I just finished replacing the interior doors in my house using the same size hinges as you are. I used a 3/4" (.750) OD guide bushing and a 1/2" mortising bit with a simple homemade template to mortise all the hinges. 

To make the template I just traced the outline of the hinge on a piece of mdf and then offset that trace line by 1/8" (.125) all the way around the perimeter of the hinge to account for the guide bushing to cutter offset and then I cut along the offset line with a jig saw. I was installing new doors in the old existing jambs so I just measured the depth of the hinge mortises from the door face in the old doors and added the 1/8" offset. I used this measurement to install a fence made from a scrap piece of 1x2 pine to the mdf template. I made the fence long enough to extend a couple of inches from each end of the template to allow me to clamp the jig to the door.

To use the jig I just transfered the hinge locations from the old doors to the new doors and then used a piece of 1/8" stock to position the cutout in the template to the layout lines and clamped it in place, set the cutter depth to the hinge thickness and cut it out. You should try the template out on a piece of scrap or one of the old doors first to make sure you get a good fit. The mdf is easy to work with so if you need to make adjustments you can just use a file or sandpaper.

Greg


----------



## johnt (Jun 18, 2007)

Thanks for the input ,guys. I think I may need to do what a couple of you suggest which is to use a different template. This one does not adjust other than for larger hinges. It is the kind that telescopes to the entire length of the door and allows you to cut all the mortises without resetting.
Thanks so much for all the help. I'll let you know how things progress.
John


----------



## gregW (Mar 14, 2007)

John,

Here's a sketch of the jig I made for the hinge mortises. It only took about 20 minutes to make the jig and the new mortises came out as good or better than the old ones...and the best part was it didn't cost me anything  

**You can use any cutter/guide bushing combination that produces a 1/8" offset with this jig. For example, I used a 3/4" bushing with a 1/2" cutter, but it would also work with a 1" bushing & 3/4"cutter, a 5/8" bushing & 3/8" cutter, a 1/2" bushing & 1/4" cutter and so on.... 

Greg


----------



## johnt (Jun 18, 2007)

Well, I called porter cable.. they were quite helpful actually. They gave me a couple options.
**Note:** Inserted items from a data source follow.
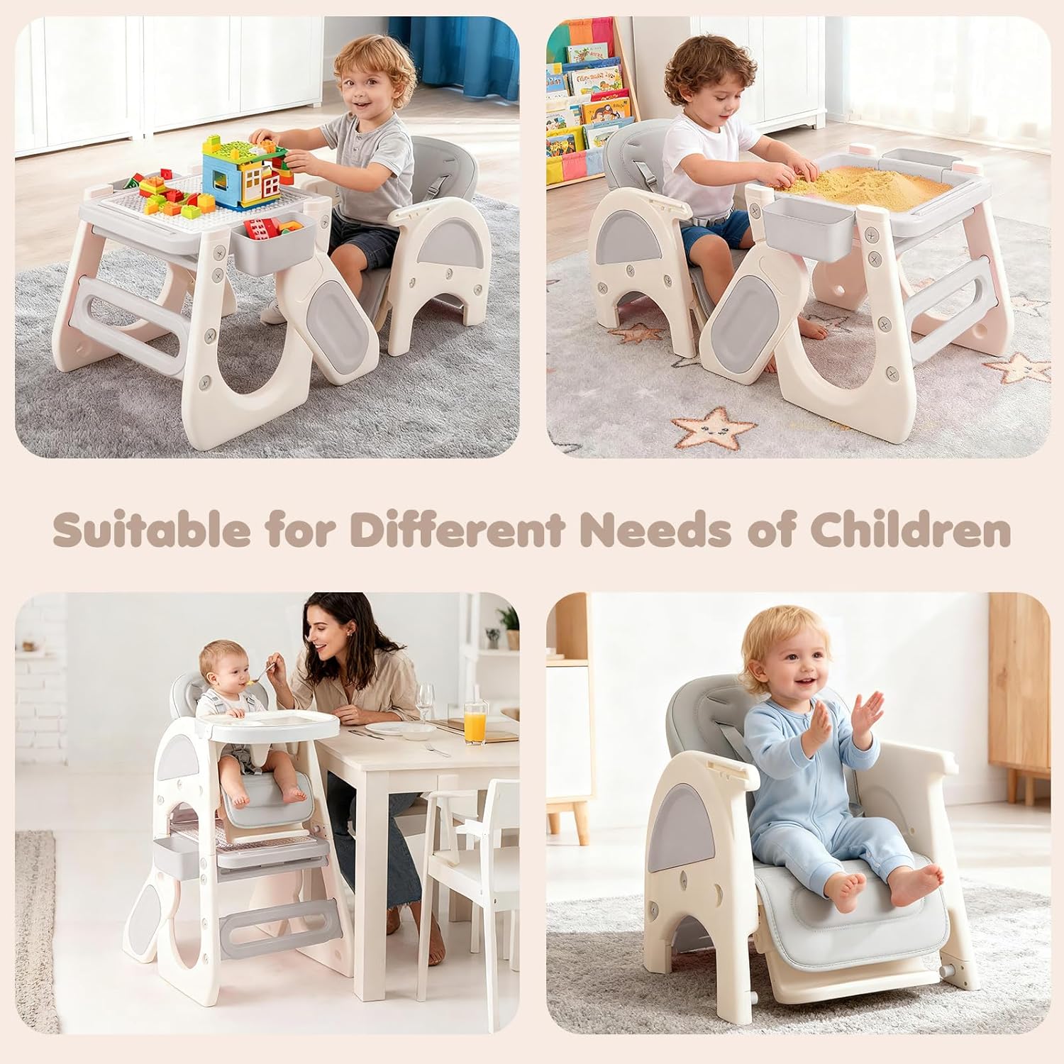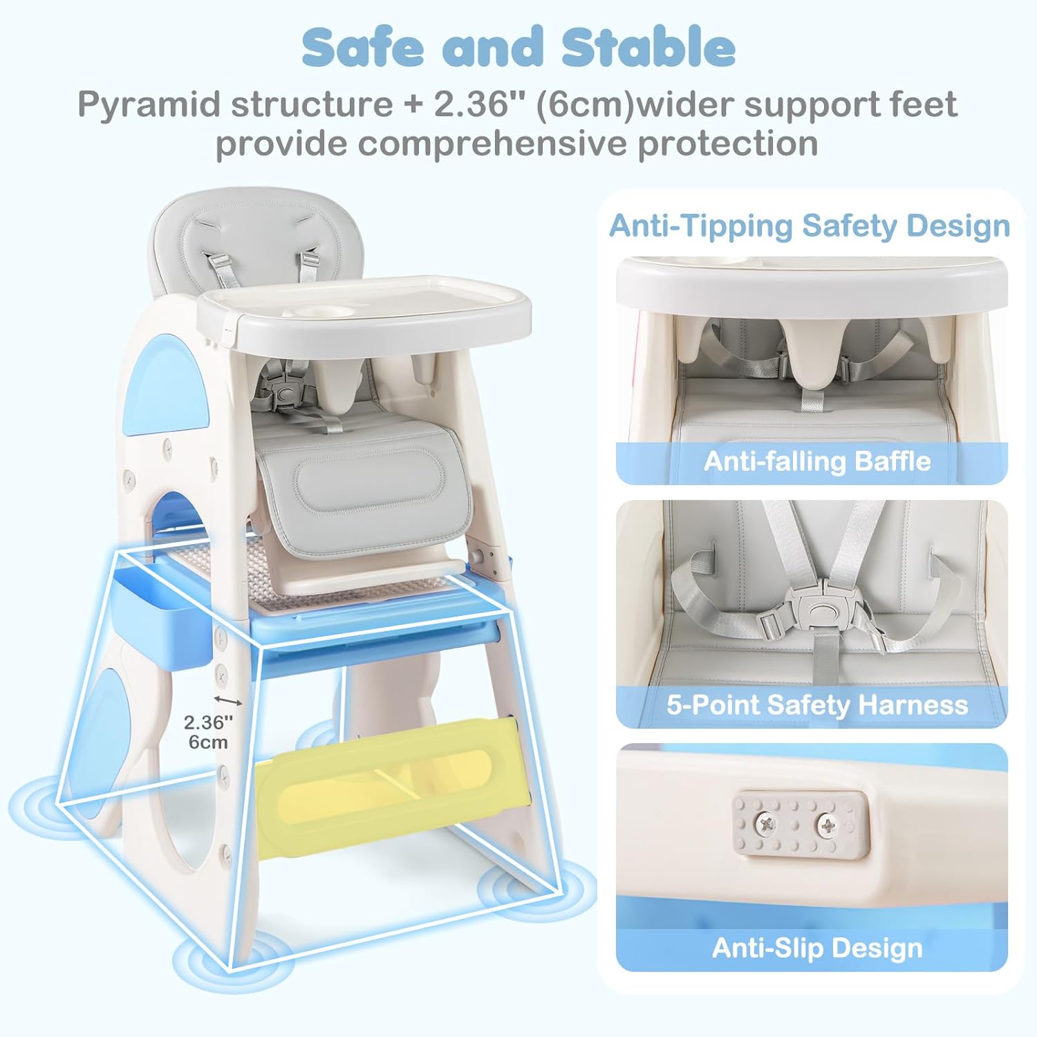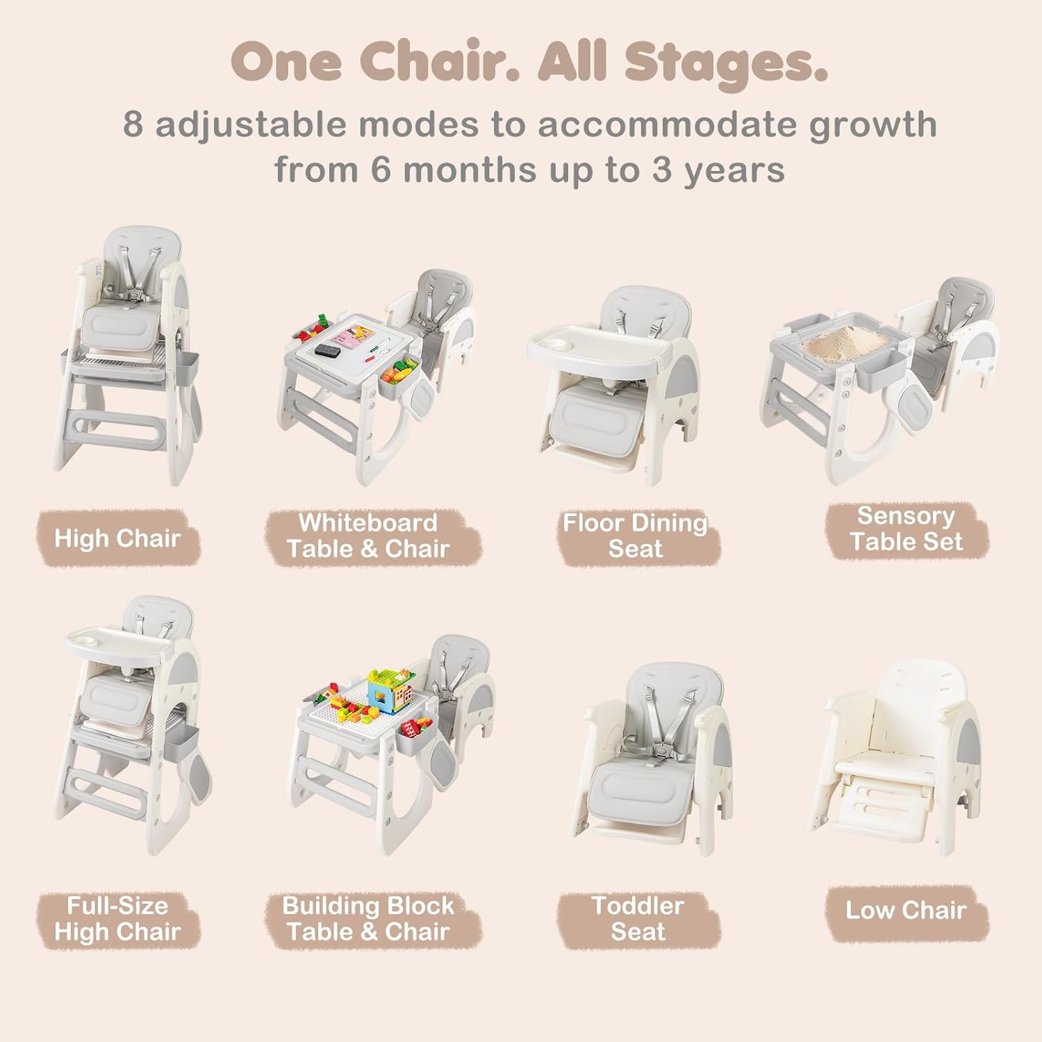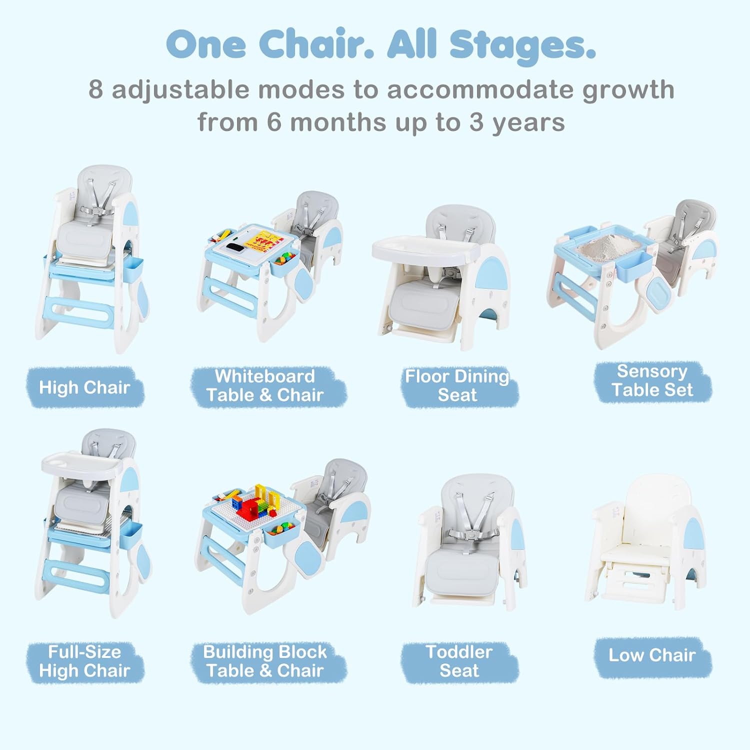 About this item 8 in 1 Convertible High Chair: OLAKIDS convertible high chairs can convert from a full-sized high chair to a toddler table and chair set. Includes multiple uses such as feeding chair, toddler chair, art table, building block table, and sensory play table—offering versatile functionality in one space-saving design. Reversible Tabletop: The whiteboard of the infant feeding chair can be used for writing and drawing and flipping it over instantly turns it into a building block board. There is a storage space under the board that can serve as a sand and water area. The small drawers on 2 sides can store small items. Adjustable Tray and Backrest: The baby eating chair features a double-layer tray and adjustable backrest to grow with your child. The removable, easy-to-clean trays make mealtime more convenient, while the adjustable backrest ensures comfort for babies and toddlers of different ages. Unwavering Safety for Baby: The pyramid structure design of the baby chair for eating effectively resists tipping. When paired with the an-slip foot pads at the bottom, it further enhances stability. Equipped with 5-point safety harness and fixed baffle, it can firmly secure the baby's body and prevent accidental slipping. Easy to Clean: Dishwasher-safe tray for high chairs baby and toddler, effortless cleaning. The seat cushion is made of waterproof PU material, allowing for simple wipe-downs. For deep cleaning, it can be removed and placed in the washing machine.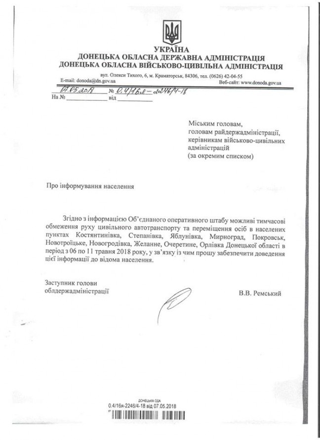 Напомним, что в список населенных пунктов, где 6 по 11 мая будет временно ограничено движение гражданского автотранспорта и перемещение лиц, попали: Константиновка, Степановка, Яблоновка, Мирноград, Покровск, Новотроицкое, Новогродовка, Желанное, Очеретино, Орловка в Донецкой области, а также Михайловка и Софиевка - в Луганской области.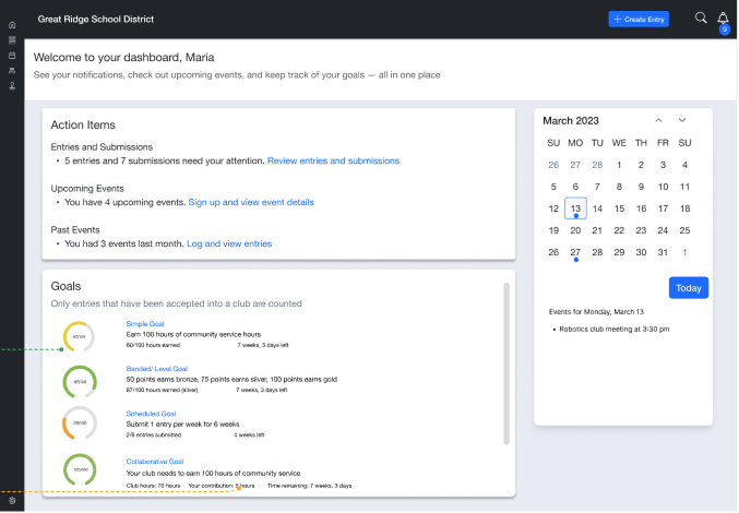UX and content design for an ed-tech software that tracks community service and engagement hours for K-12 students.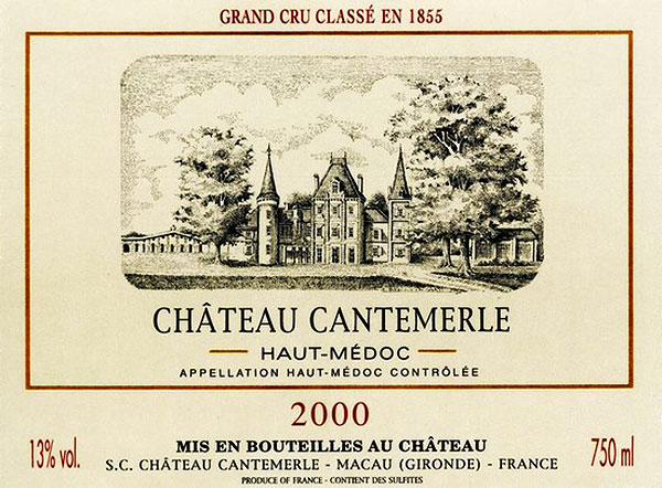 3. Grand Cru Classe en 1855 – надпись свидетельствует, что виноград для этого вина выращен на винограднике, классифицированном в 1855 году. Всего таких крю в Медоке 60 и один из них принадлежит замку Кантемерль.
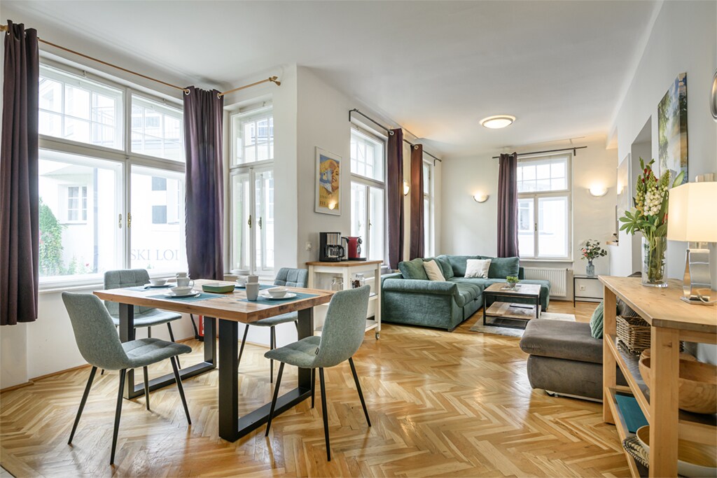 من خلال الدخول الخاص بك مع KeyCode، يمكنك الدخول إلى الشقة "Frühling" المغمورة بالضوء في قلب شبتال آن دراو. مع مساحة تتسع لما يصل إلى 6 أشخاص، فهي تدعوك لترك الحياة اليومية وراءك. مطبخ عصري ومنطقة أنيقة للمعيشة وتناول الطعام وتلفزيون سوني ذكي يدعوك لقضاء أمسيات طويلة. يتيح لك الإنترنت السريع مع طاولة القهوة أو كراسي القراءة إمكانية العمل المتنقل والمكتب المنزلي. موقف السيارات في العقار؛ الأطباء والتسوق ومحطة القطار على بعد 5 دقائق سيرًا على الأقدام.

They sell the guide bushing and cutter I needed but the cost was about $75.
They also have a plastic template sold through Home depot that comes with a cutter for about $20. I bought the plastic template and it works very well.
Then when I got home I saw Gregs post with the diagram of his jig.... oh well at least I cutting mortises.
Thanks again guys.
John


----------



## AxlMyk (Jun 13, 2006)

Gee willikers Greg.. You should have been a bit quicker with your response..


----------



## gregW (Mar 14, 2007)

hey, what can I say...I tried to save him 20 bucks   

I really enjoy making the jigs for a project, mainly because I'm a little dense and it forces me to think and understand the process a little better.  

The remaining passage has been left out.